Could you give the data below again exactly, apart from the pictures?

*** SUPPLIED MATERIAL Section Begins ***

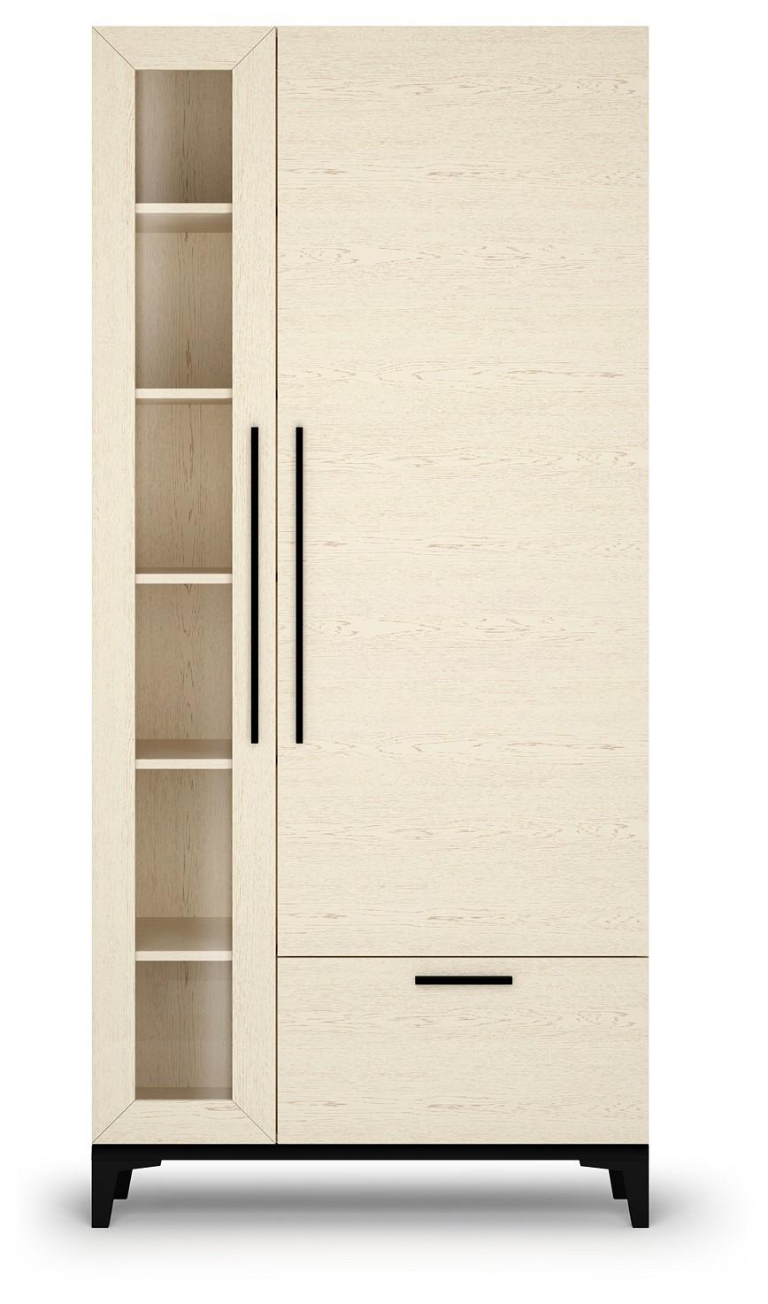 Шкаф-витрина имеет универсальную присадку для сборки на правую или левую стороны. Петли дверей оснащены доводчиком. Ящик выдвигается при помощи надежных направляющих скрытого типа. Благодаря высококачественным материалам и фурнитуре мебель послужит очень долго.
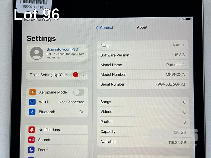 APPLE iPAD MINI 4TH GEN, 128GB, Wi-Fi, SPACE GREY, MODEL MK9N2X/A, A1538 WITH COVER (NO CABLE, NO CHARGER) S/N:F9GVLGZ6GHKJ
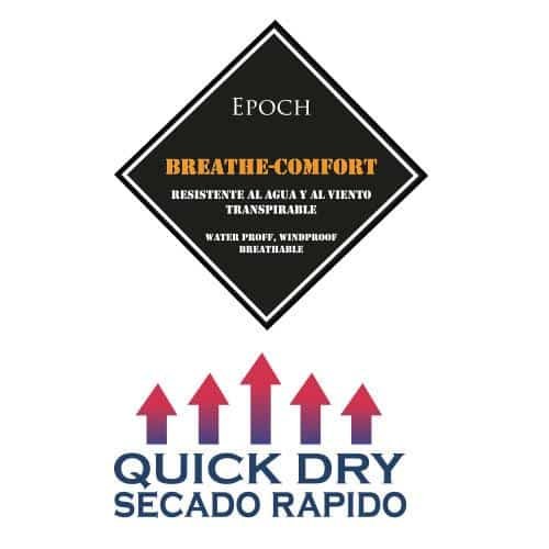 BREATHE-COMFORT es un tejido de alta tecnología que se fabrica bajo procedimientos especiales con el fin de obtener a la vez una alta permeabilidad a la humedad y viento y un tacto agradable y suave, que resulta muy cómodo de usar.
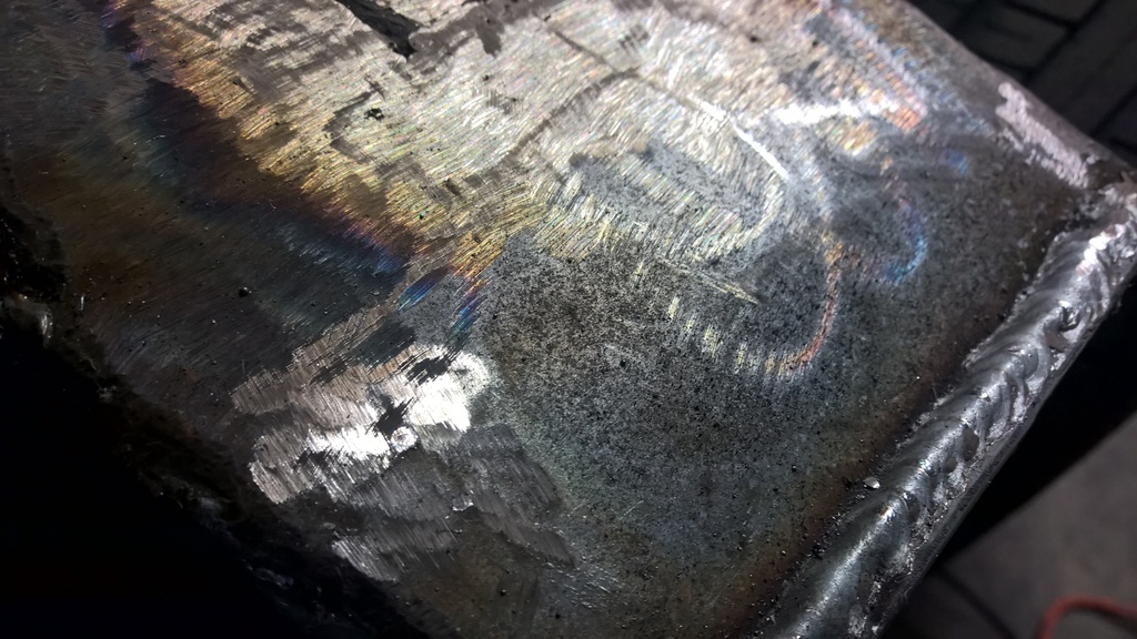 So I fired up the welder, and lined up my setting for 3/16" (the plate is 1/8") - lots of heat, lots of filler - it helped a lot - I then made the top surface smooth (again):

*** SUPPLIED MATERIAL Section Ends ***

### TASK ANSWER
 Шкаф-витрина имеет универсальную присадку для сборки на правую или левую стороны. Петли дверей оснащены доводчиком. Ящик выдвигается при помощи надежных направляющих скрытого типа. Благодаря высококачественным материалам и фурнитуре мебель послужит очень долго.
 APPLE iPAD MINI 4TH GEN, 128GB, Wi-Fi, SPACE GREY, MODEL MK9N2X/A, A1538 WITH COVER (NO CABLE, NO CHARGER) S/N:F9GVLGZ6GHKJ
 BREATHE-COMFORT es un tejido de alta tecnología que se fabrica bajo procedimientos especiales con el fin de obtener a la vez una alta permeabilidad a la humedad y viento y un tacto agradable y suave, que resulta muy cómodo de usar.
 So I fired up the welder, and lined up my setting for 3/16" (the plate is 1/8") - lots of heat, lots of filler - it helped a lot - I then made the top surface smooth (again):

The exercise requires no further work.